Captain Isaac Ross is a prominent Gibson descendent who lived in the first half of the 19th century. But by describing Captain Ross as the child instead of the grandchild of Isaac Ross and Jane Brown, the author of an article from the Journal of Mississippi History conveniently glossed over the fact that Captain Isaac was in fact the son of a Gibson woman (Mary Gibson who was married to Isaac.) Interestingly enough though, he did mention that one of the family weddings had been performed by Rev. Randall Gibson (a name that identifies him as a black Gibson.) Besides the biographical perspective this article offered, I thought you might be able to use the first few lines as an example of how passing is achieved at even this chronological distance. What I could not help but find even more intriguing was the Afro-Am content of the piece and its possible historical context vis a vis the Ross family's Gibson descent.

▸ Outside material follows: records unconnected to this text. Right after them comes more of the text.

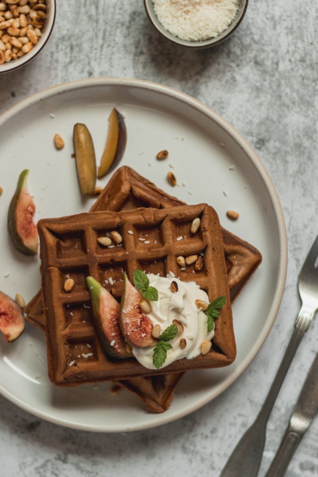 Обои: полезный завтрак, вафли - 640x960
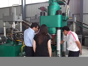 立式铝屑压块机实现挤压回复出饼等动作。系统压力由溢流阀调定,全自动机械动作由电脑控制,自动运行。主缸将饼块压实后压力继电器发讯,然后执行下一个动作。
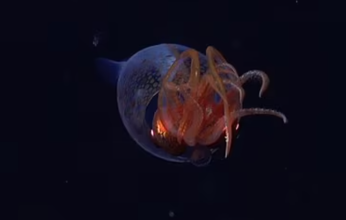 Снятый в морских глубинах потрясающий фильм показывает прозрачное тело и восемь розовых щупалец редкого существа.
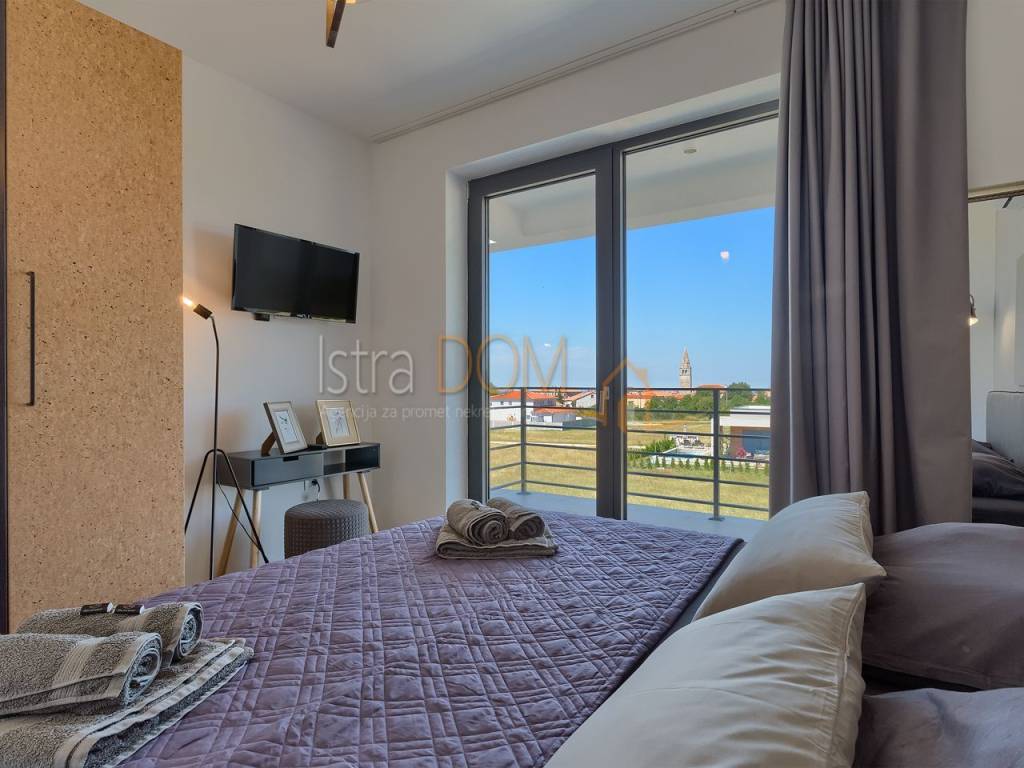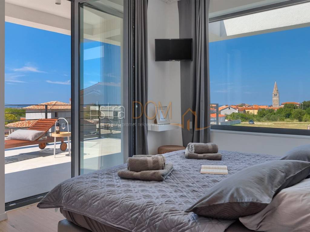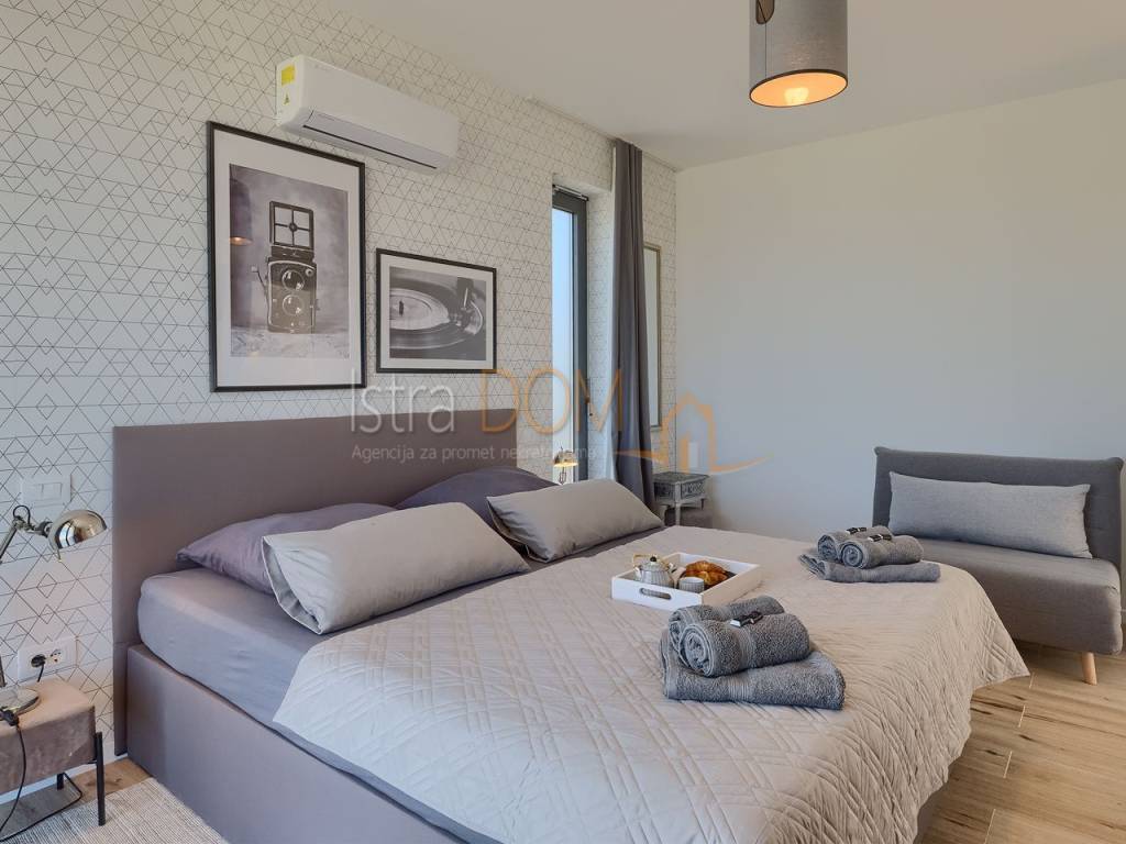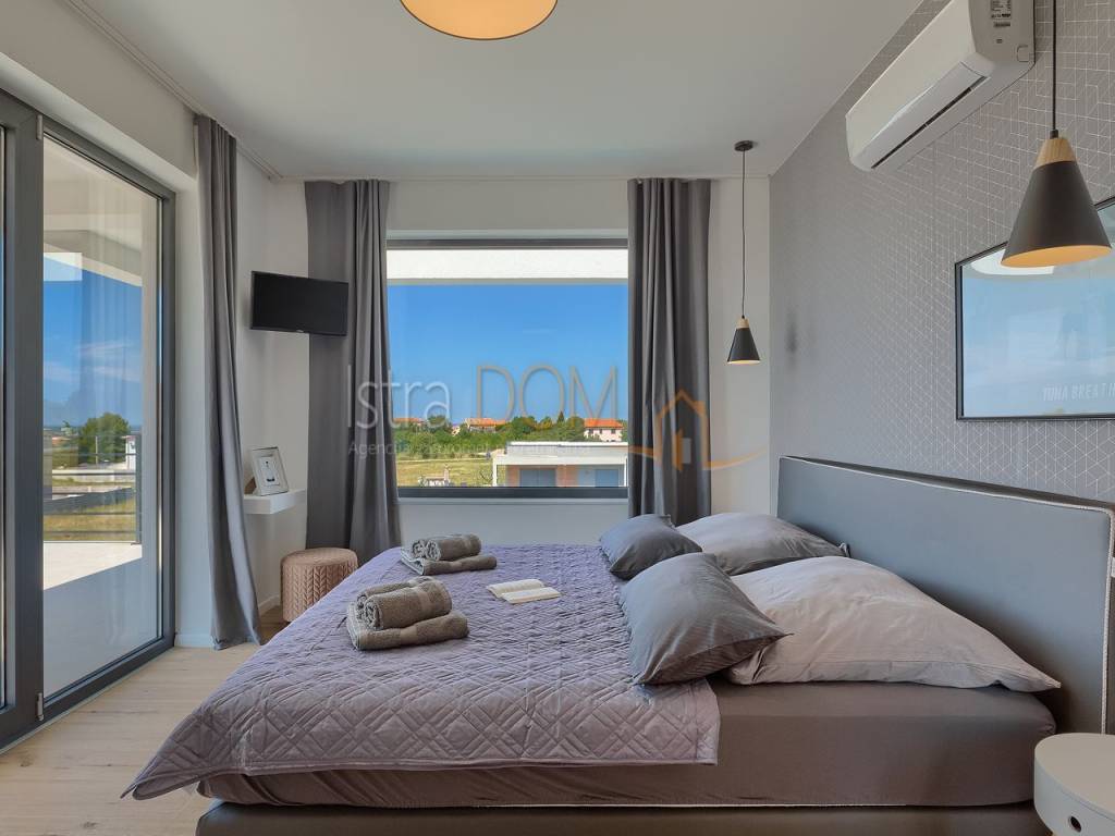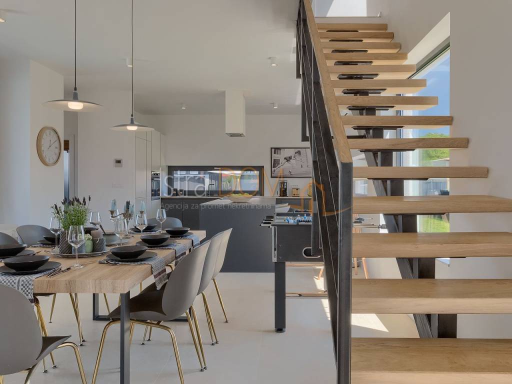 La villa si estende su una superficie abitabile complessiva di 136 m² ed è composta da un piano terra e un piano superiore. Al piano terra si trova un ampio open space con cucina completamente attrezzata, soggiorno, sala da pranzo e un bagno per gli ospiti. Le grandi vetrate al piano terra offrono una splendida vista sulla piscina, sul giardino con cucina esterna attrezzata e barbecue e permettono inoltre di godere di una vista panoramica sui dintorni, sul verde e sulle isole Brioni.
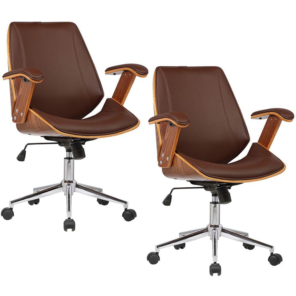 Kit 02 Cadeiras de Escritório Diretor Giratória com Regulagem de Altura Akon PU Marrom - Gran Belo
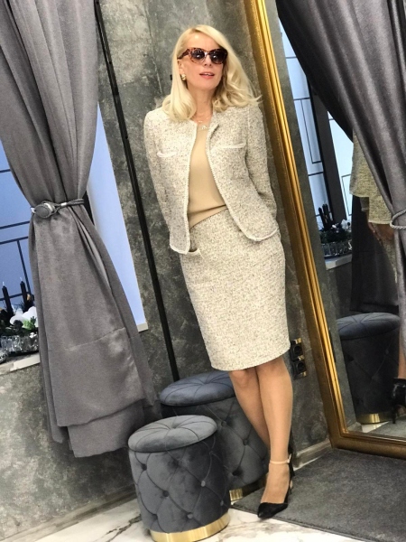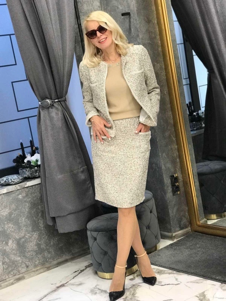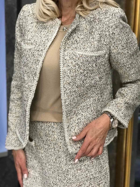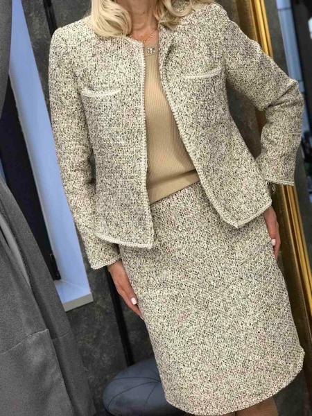 Комплект сако с пола от букле. Сакото е скъсено с права кройка без закопчаване. Полата е по тялото и се закопчава с цип.

"Captain Isaac Ross provided in his will that his slaves should be sent to Liberia, if they elected to go, through the American Colonization Society, and his entire fortune was to care for them, except about $10,000, given to his granddaughter. The inventory made under the order of the Court gave one hundred and sixty slaves, 5,000 acres of well improved land and personal property valued at around $100,000....It was not to be expected that the heirs of Captain Ross would quietly permit this valuable estate to pass out of their hands as an expected inheritance without protest. The will was contested, and after twelve years of litigation conducted by some of the ablest talent in Mississippi,...the Supreme Courts sustained the validity of the will."
From "Captain Isaac Ross and Some of His Descendants" by Thomas M. Wade in The Journal of Mississippi History, Vol. 9, 1947

The piece goes on to describe how as a result of this long litigation which began in 1838, the slaves thought that if they could get rid of Isaac Ross Wade, the acting executor and general manager of the estate, they could at last get to Africa. It was supposedly at the urgings of the American Colonization Society in Port Gibson that the slaves, unable to tolerate the interminable delays, rose up and burnt the mansion while Wade was entertaining. Because most of the estate had been spent defraying court costs, it was not until 1849, after they had worked for another two years to cover their transportation that these former slaves were finally allowed to embark for Liberia. While waiting for a ship in New Orleans, however, twenty five died of cholera. Only ninety reached their destination and having arrived in such dramatically reduced fiscal circumstances, this colonization attempt proved a "complete failure."

Besides the fact that their "passing" has, fortuitously, been well documented, do not forget that even while still recognizable as people of colour, the Gibsons began making an impact on the political life of the nation. Indeed, Rachel Kline in "Unification of a Slave State", a monograph I came across at the University of South Carolina published in 1990, pointed out that as the leader of the Regulators, Gideon Gibson's race was undoubtedly a problem for the colonial government especially since he was so successfully able to defy it. And even though I am hoping that you use Brown's work on the South Carolina Regulators as an example of how Gibson's ethnic background was ignored for other political reasons, it was he who drew attention to the fact that the alliance of planters Gideon led began chanting "no taxation without representation" a number of years before we threw our tea party here in Boston harbour.